◆ **SUPPLIED RECORDS**
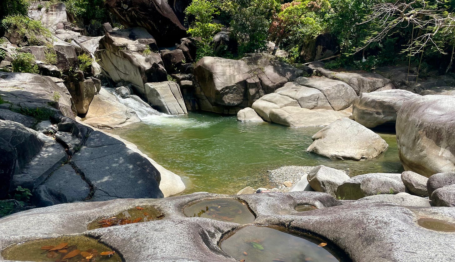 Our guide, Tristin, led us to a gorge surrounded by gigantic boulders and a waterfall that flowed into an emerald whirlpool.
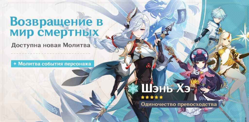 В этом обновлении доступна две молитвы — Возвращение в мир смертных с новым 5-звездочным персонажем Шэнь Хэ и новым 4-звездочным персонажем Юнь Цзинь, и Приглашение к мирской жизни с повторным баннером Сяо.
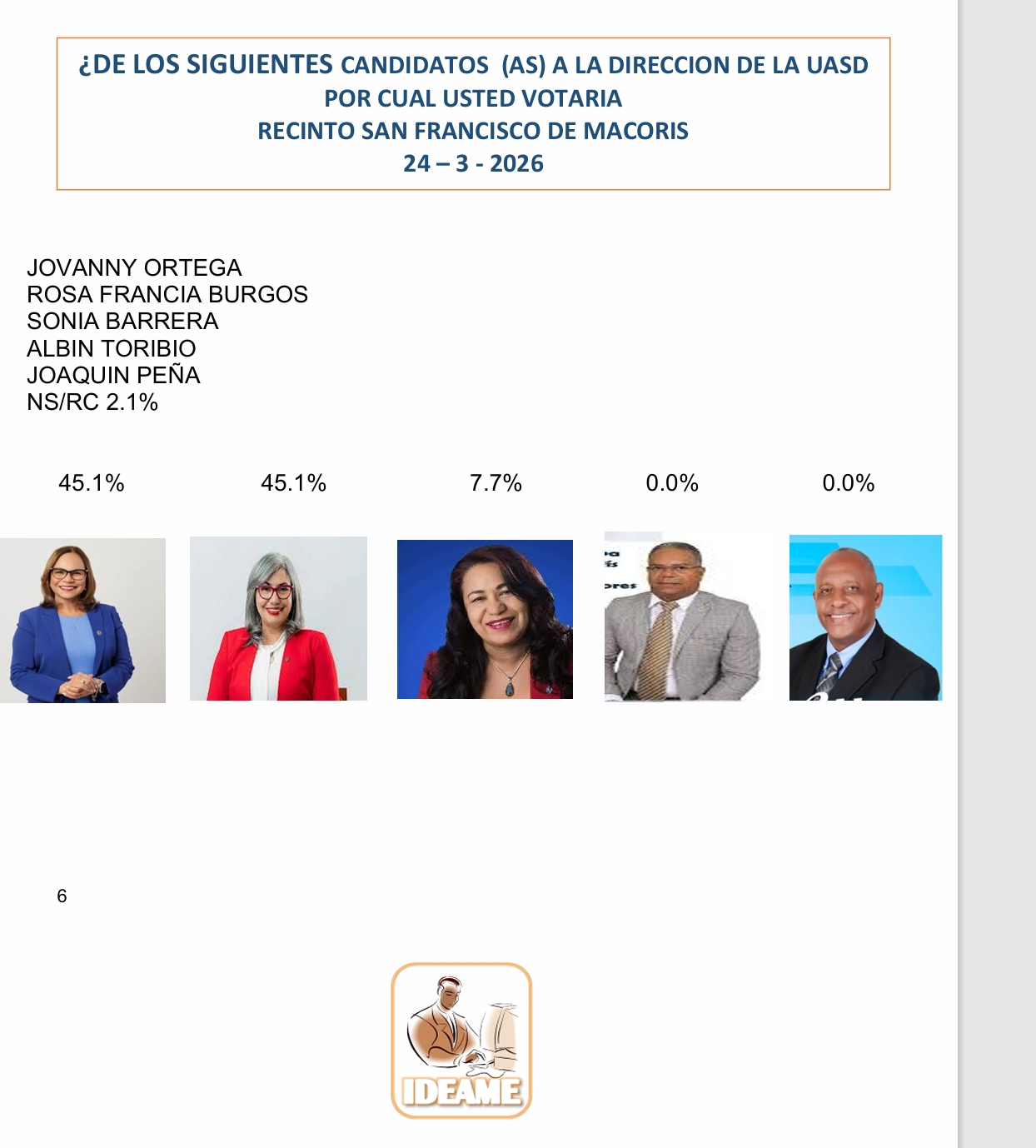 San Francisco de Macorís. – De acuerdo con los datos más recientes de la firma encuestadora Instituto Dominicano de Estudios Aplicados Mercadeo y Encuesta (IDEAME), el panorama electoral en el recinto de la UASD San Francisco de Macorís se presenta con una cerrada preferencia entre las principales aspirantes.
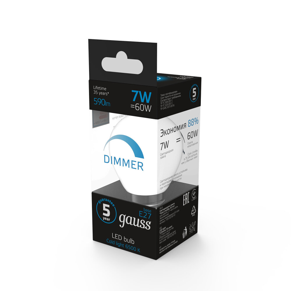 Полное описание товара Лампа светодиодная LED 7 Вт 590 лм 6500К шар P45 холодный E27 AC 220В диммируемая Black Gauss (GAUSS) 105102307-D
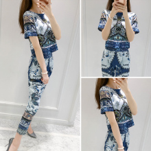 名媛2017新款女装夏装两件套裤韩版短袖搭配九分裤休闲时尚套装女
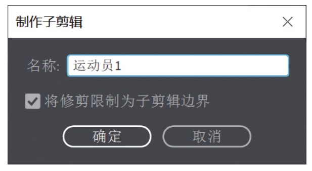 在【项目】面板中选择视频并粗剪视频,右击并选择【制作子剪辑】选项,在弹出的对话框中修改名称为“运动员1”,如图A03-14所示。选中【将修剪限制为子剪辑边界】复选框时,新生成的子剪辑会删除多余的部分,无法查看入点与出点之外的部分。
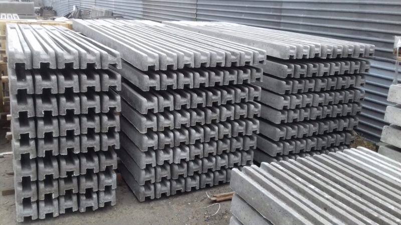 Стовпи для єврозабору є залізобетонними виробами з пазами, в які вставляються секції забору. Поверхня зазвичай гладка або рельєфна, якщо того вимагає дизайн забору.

◆ **EXERCISE OBJECTIVE**
Working from the material above, transcribe it exactly while omitting pictures.

◆ **ANSWER BOX**
 Our guide, Tristin, led us to a gorge surrounded by gigantic boulders and a waterfall that flowed into an emerald whirlpool.
 В этом обновлении доступна две молитвы — Возвращение в мир смертных с новым 5-звездочным персонажем Шэнь Хэ и новым 4-звездочным персонажем Юнь Цзинь, и Приглашение к мирской жизни с повторным баннером Сяо.
 San Francisco de Macorís. – De acuerdo con los datos más recientes de la firma encuestadora Instituto Dominicano de Estudios Aplicados Mercadeo y Encuesta (IDEAME), el panorama electoral en el recinto de la UASD San Francisco de Macorís se presenta con una cerrada preferencia entre las principales aspirantes.
 Полное описание товара Лампа светодиодная LED 7 Вт 590 лм 6500К шар P45 холодный E27 AC 220В диммируемая Black Gauss (GAUSS) 105102307-D
 名媛2017新款女装夏装两件套裤韩版短袖搭配九分裤休闲时尚套装女
 在【项目】面板中选择视频并粗剪视频,右击并选择【制作子剪辑】选项,在弹出的对话框中修改名称为“运动员1”,如图A03-14所示。选中【将修剪限制为子剪辑边界】复选框时,新生成的子剪辑会删除多余的部分,无法查看入点与出点之外的部分。
 Стовпи для єврозабору є залізобетонними виробами з пазами, в які вставляються секції забору. Поверхня зазвичай гладка або рельєфна, якщо того вимагає дизайн забору.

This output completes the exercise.